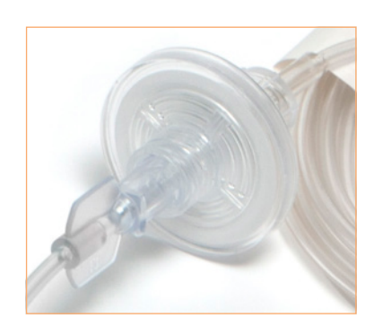
Oxygen and Aerosol Therapy • Variable Oxygen Concentration (Low Flow)
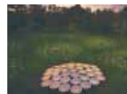
Heide Museum of Modern Art, Templestowe Rd, Bulleen
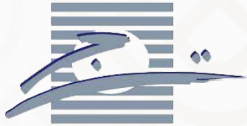
Université de Tunis

The University of Tunis was founded in 1960 and is today, with approximately 20,000 students, one of the largest universities in Tunisia. It has a vast research and teaching portfolio and boasts a reputation of excellence in research throughout the region.
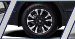
Black Polished Alloy Wheels 215/60 R16
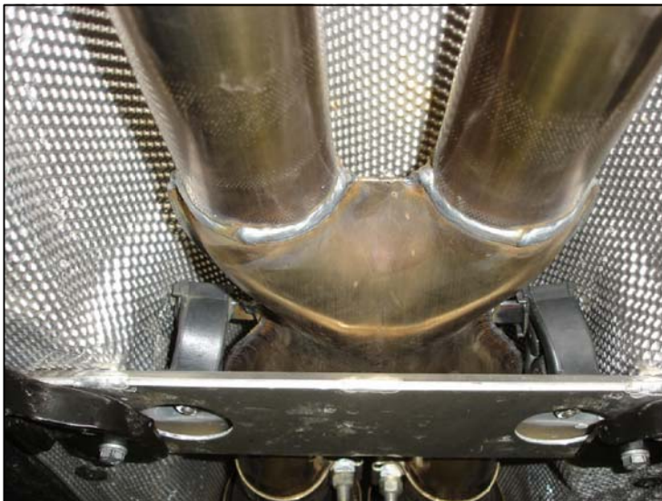
Fig # 2

Step 5: Once a final position has been chosen for the new system, evenly tighten all fasteners from front to rear. The supplied band clamps must be VERY tight to properly align the pipes and prevent leaks (Approximately 40ft-lbs). U-bolt clamps should be tightened to approximately 30-35ft-lbs. Inspect all fasteners after 25-50 miles of operation and retighten if necessary.
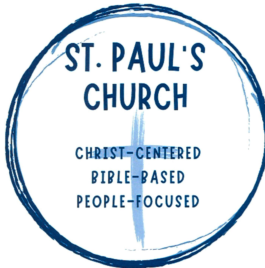
Back Side of Shirt
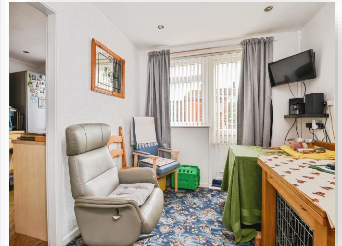
Talbot Street, Stockton-On-Tees TS20 2AY
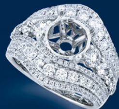
* Semi Mount Ring
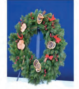
Colonial Williamsburg Wreath

Donation $45.00 per selection – Limited Reservations Registration begins November 1st – Final date for registration November 20th To Register, email mrsnation46@gmail.com or phone 908-359-6317 Please give 1st & 2nd choices
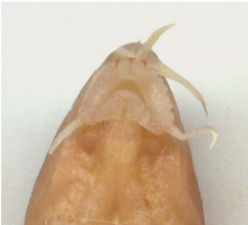
a. Nemacheilus anguilla
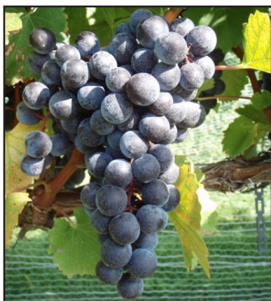
Iowa State University

Pedigree: Uncertain, but may be a chance seedling resulting from a cross between ‘Pinot Noir’ and ‘Chambourcin’, both of which were growing next to each other in the vineyard (7).
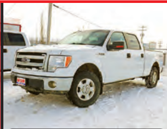
2013 FORD F150 CRCB 4X4
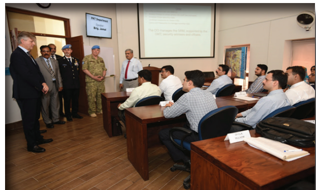
UN STAFF OFFICERS COURSE
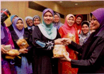
July 2011 -Contributing cookies and lambok porridge to members in conjunction with Eid Celebration
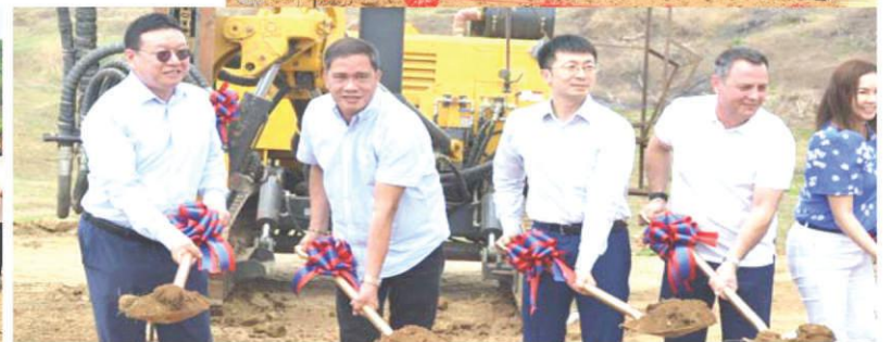
Cheez: Hawak ang pala, nakangiting nagpakuha ang mga opisyal ng Batangas at Cavite bago simulan ang seremonyas na hudyat ng paglalagay ng time capsule sa itatayong Solar Power Plant.
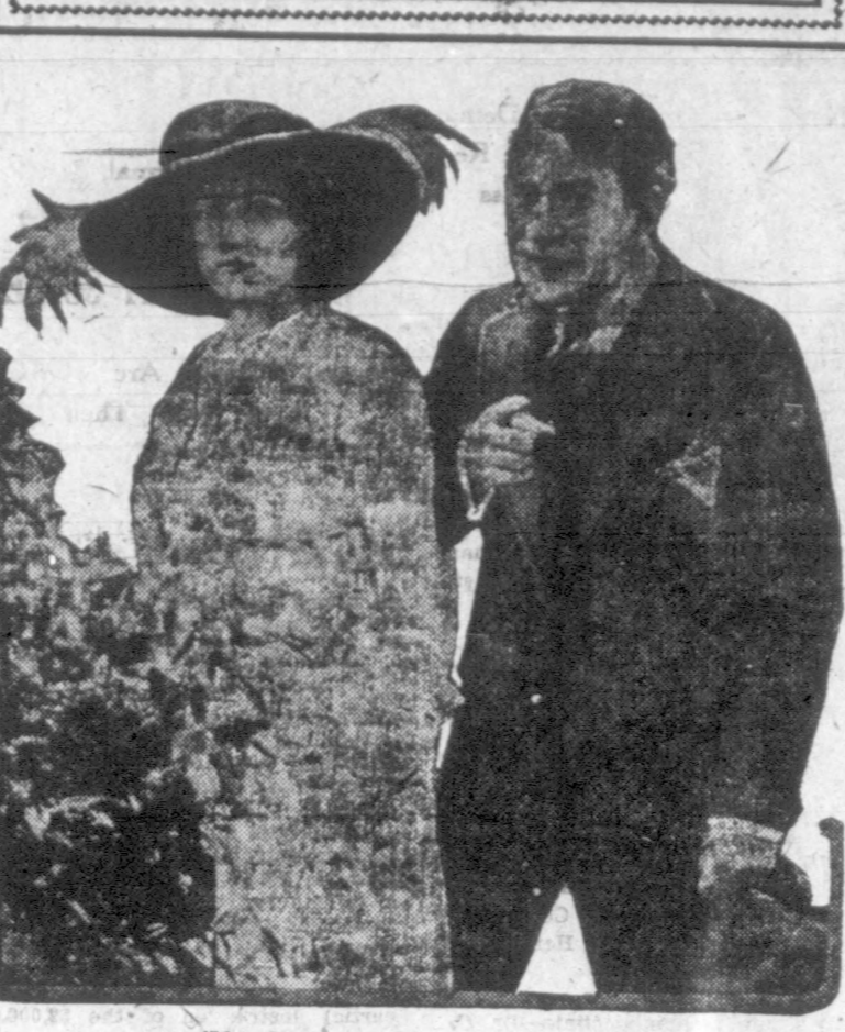
"You See? He Does Not Love You!"

By GRACE DARMOND. My home is in Chicago. One day about two years ago I walked into the Chicago studios of the Selig Polyscope company.
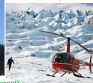
Spike & Emy's Helicopter Glacier Trek
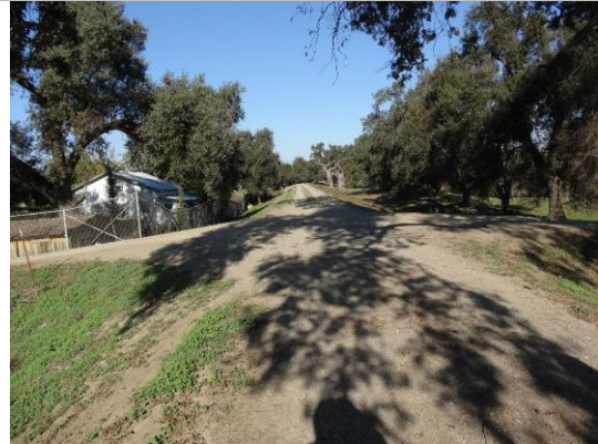
Overview of levee crown at pipe crossing.
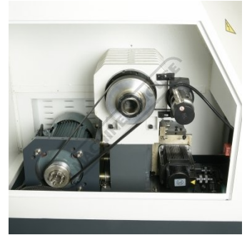
Spindle Drive System
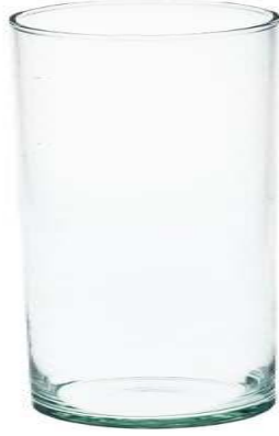
CYLINDER 30/15 height: 300 top: 150 bottom: 150 q/p:
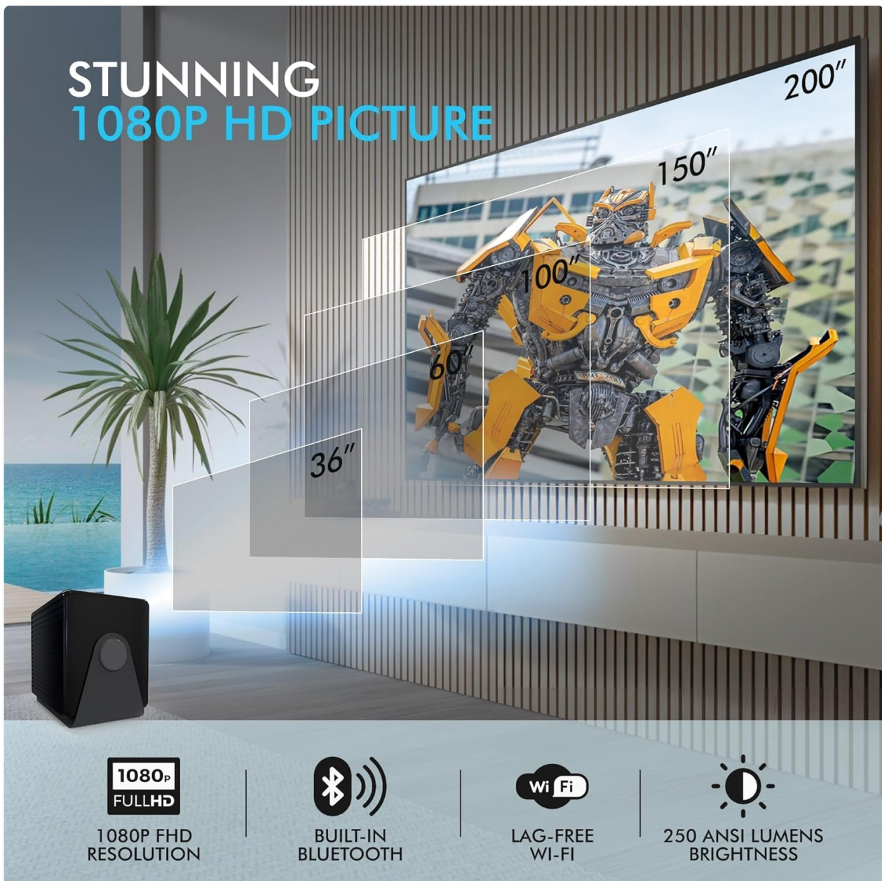
Figure 4.1: Example of adjustable screen sizes and 1080P HD picture quality.
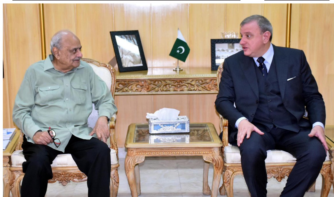
ISLAMABAD: Federal Minister for Interior, Brig R. Ijaz Ahmad Shah met with Ambassador of Italy Andreas Ferrarese.
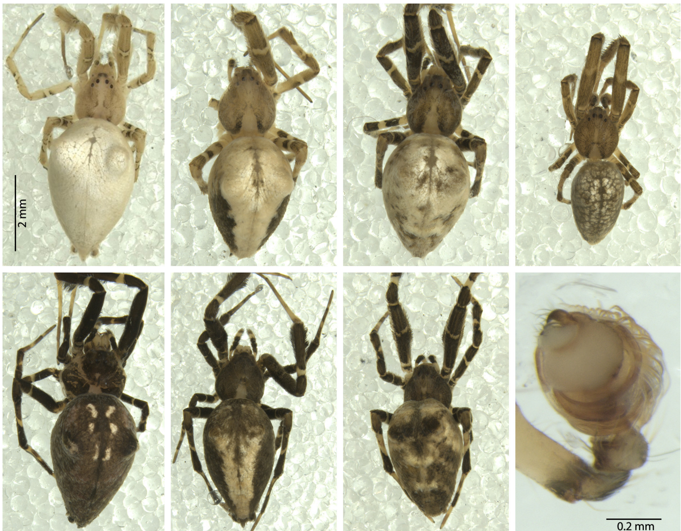
Fig. 2: Uloborus plumipes – colour patterns of females on the left, male on the top right and male palp on the bottom right

The investigated localities were selected according to their potential for introduction of non-native spider species. The number of localities within the different categories varies. Even if no quantitative comparisons were intended some tendencies are obvious. So we can state, that in category I (greenhouses, garden centres, flower shops and flower wholesale stores) and IV (botanical gardens and zoos) the highest densities of spider individuals as well as the highest number of non-native spider species were observed. One explanation for the higher density in greenhouses of nurseries and in the zoological gardens could be the size of the localities and the higher diversity of habitats within the localities. It is clear that in a flower shop of 20 m 2 with daily cleaning there are not the
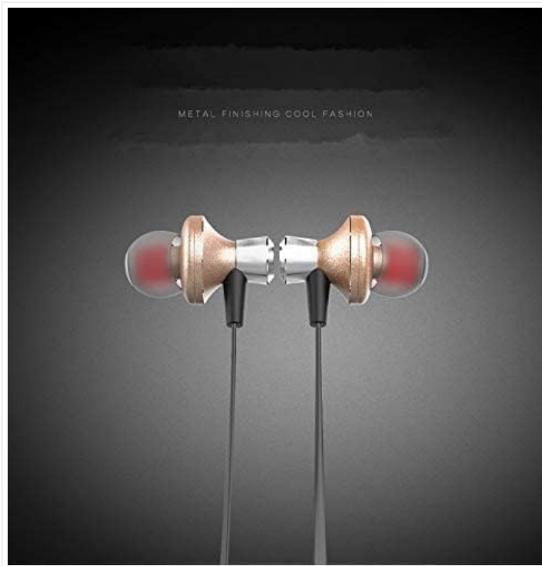
Image: A close-up view of the Awei A860BL-BK earphones, highlighting the earbud design and cable.

Image: The Awei A860BL-BK Bluetooth In-Ear Earphones, showcasing their sleek design and in-ear form factor.
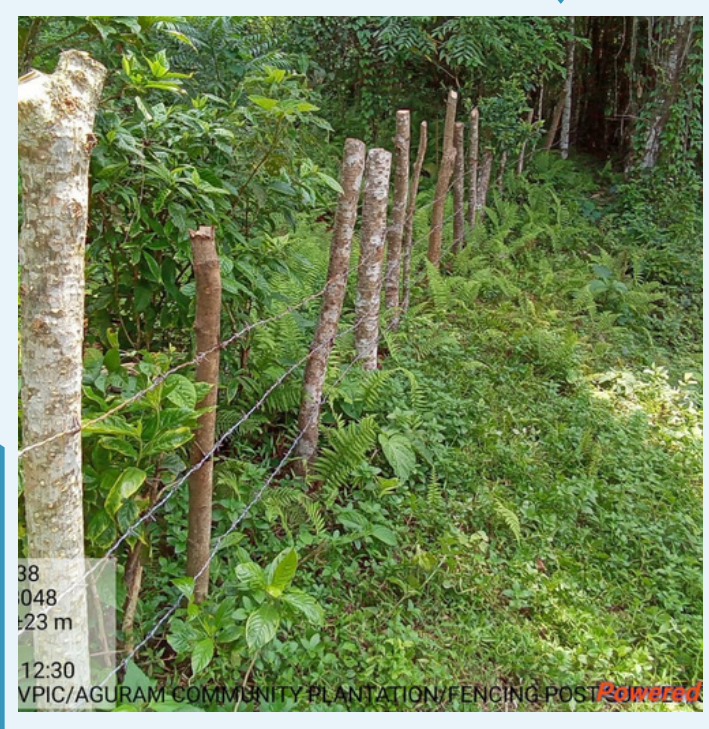
Resurvey of plantation sites in the village of Silsekgre commenced on August 31, 2023.
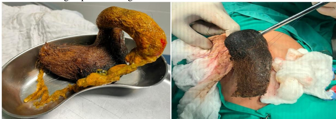
Figure 2: Intraoperative finding of trichobezoar that formulate the shape of stomach and duodenum with jejunal extension

anterior wall of the stomach ( Figure 2 ). Hence, the diagnosis of Rapunzel syndrome was established.
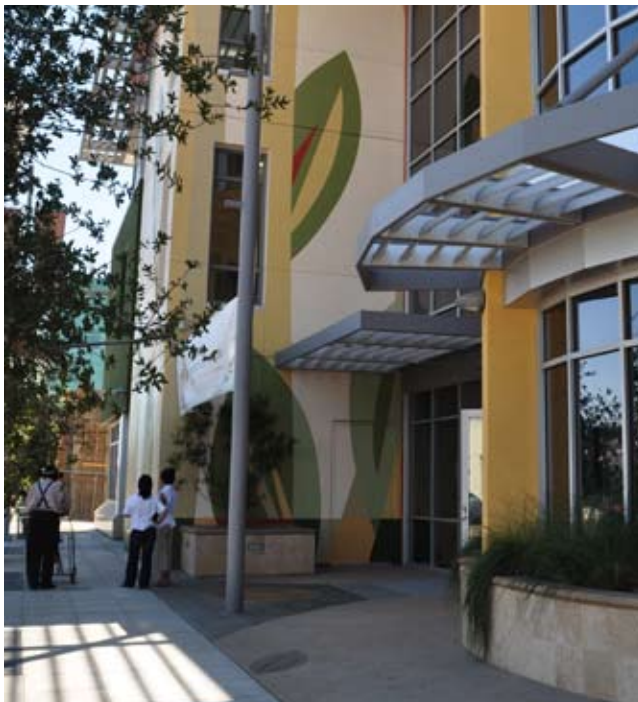
Figure 2. La Maestra Community Health Center in San Diego, CA
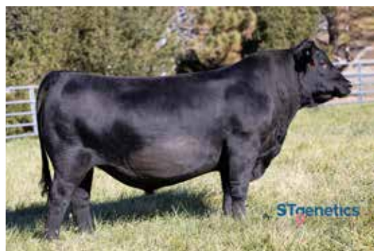
February 2026 TACE EBV's
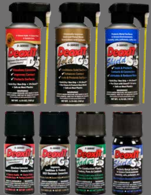
Honeywell Solstice propellant is used in seven CAIG DeoxIT products.
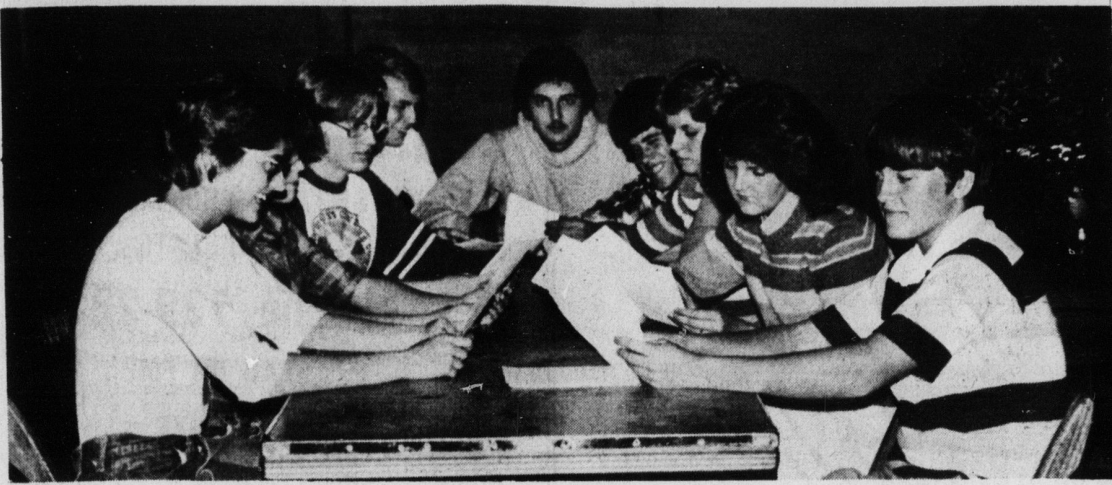
CHURCH YOUTH PROJECT — Members of the Senior High Fellowship of Boyce Memorial ARP Church look over plans for two big projects underway this month for church benefit. From left around the
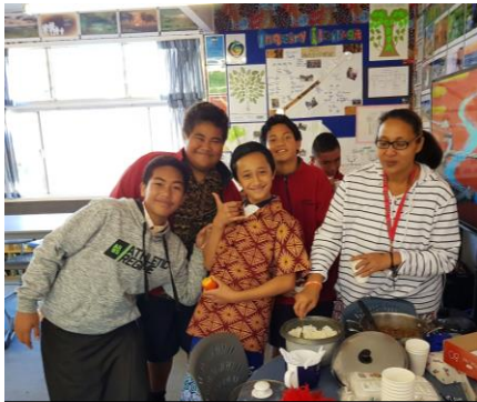
Students helping out with the chop suey

Vaiaso O Le Gagana Sāmoan 27 Mē to 2 Iuni
------------------------------------------------------------------------
▶ **ASSIGNED TASK**
From the listing, extract all text exactly as given and drop any picture.

▶ **EXERCISE RESPONSE**
Oxygen and Aerosol Therapy • Variable Oxygen Concentration (Low Flow)
Heide Museum of Modern Art, Templestowe Rd, Bulleen
Université de Tunis

The University of Tunis was founded in 1960 and is today, with approximately 20,000 students, one of the largest universities in Tunisia. It has a vast research and teaching portfolio and boasts a reputation of excellence in research throughout the region.
Black Polished Alloy Wheels 215/60 R16
Fig # 2

Step 5: Once a final position has been chosen for the new system, evenly tighten all fasteners from front to rear. The supplied band clamps must be VERY tight to properly align the pipes and prevent leaks (Approximately 40ft-lbs). U-bolt clamps should be tightened to approximately 30-35ft-lbs. Inspect all fasteners after 25-50 miles of operation and retighten if necessary.
Back Side of Shirt
Talbot Street, Stockton-On-Tees TS20 2AY
* Semi Mount Ring
Colonial Williamsburg Wreath

Donation $45.00 per selection – Limited Reservations Registration begins November 1st – Final date for registration November 20th To Register, email mrsnation46@gmail.com or phone 908-359-6317 Please give 1st & 2nd choices
a. Nemacheilus anguilla
Iowa State University

Pedigree: Uncertain, but may be a chance seedling resulting from a cross between ‘Pinot Noir’ and ‘Chambourcin’, both of which were growing next to each other in the vineyard (7).
2013 FORD F150 CRCB 4X4
UN STAFF OFFICERS COURSE
July 2011 -Contributing cookies and lambok porridge to members in conjunction with Eid Celebration
Cheez: Hawak ang pala, nakangiting nagpakuha ang mga opisyal ng Batangas at Cavite bago simulan ang seremonyas na hudyat ng paglalagay ng time capsule sa itatayong Solar Power Plant.
"You See? He Does Not Love You!"

By GRACE DARMOND. My home is in Chicago. One day about two years ago I walked into the Chicago studios of the Selig Polyscope company.
Spike & Emy's Helicopter Glacier Trek
Overview of levee crown at pipe crossing.
Spindle Drive System
CYLINDER 30/15 height: 300 top: 150 bottom: 150 q/p:
Figure 4.1: Example of adjustable screen sizes and 1080P HD picture quality.
ISLAMABAD: Federal Minister for Interior, Brig R. Ijaz Ahmad Shah met with Ambassador of Italy Andreas Ferrarese.
Fig. 2: Uloborus plumipes – colour patterns of females on the left, male on the top right and male palp on the bottom right

The investigated localities were selected according to their potential for introduction of non-native spider species. The number of localities within the different categories varies. Even if no quantitative comparisons were intended some tendencies are obvious. So we can state, that in category I (greenhouses, garden centres, flower shops and flower wholesale stores) and IV (botanical gardens and zoos) the highest densities of spider individuals as well as the highest number of non-native spider species were observed. One explanation for the higher density in greenhouses of nurseries and in the zoological gardens could be the size of the localities and the higher diversity of habitats within the localities. It is clear that in a flower shop of 20 m 2 with daily cleaning there are not the
Image: A close-up view of the Awei A860BL-BK earphones, highlighting the earbud design and cable.

Image: The Awei A860BL-BK Bluetooth In-Ear Earphones, showcasing their sleek design and in-ear form factor.
Resurvey of plantation sites in the village of Silsekgre commenced on August 31, 2023.
Figure 2: Intraoperative finding of trichobezoar that formulate the shape of stomach and duodenum with jejunal extension

anterior wall of the stomach ( Figure 2 ). Hence, the diagnosis of Rapunzel syndrome was established.
Figure 2. La Maestra Community Health Center in San Diego, CA
February 2026 TACE EBV's
Honeywell Solstice propellant is used in seven CAIG DeoxIT products.
CHURCH YOUTH PROJECT — Members of the Senior High Fellowship of Boyce Memorial ARP Church look over plans for two big projects underway this month for church benefit. From left around the
Students helping out with the chop suey

Vaiaso O Le Gagana Sāmoan 27 Mē to 2 Iuni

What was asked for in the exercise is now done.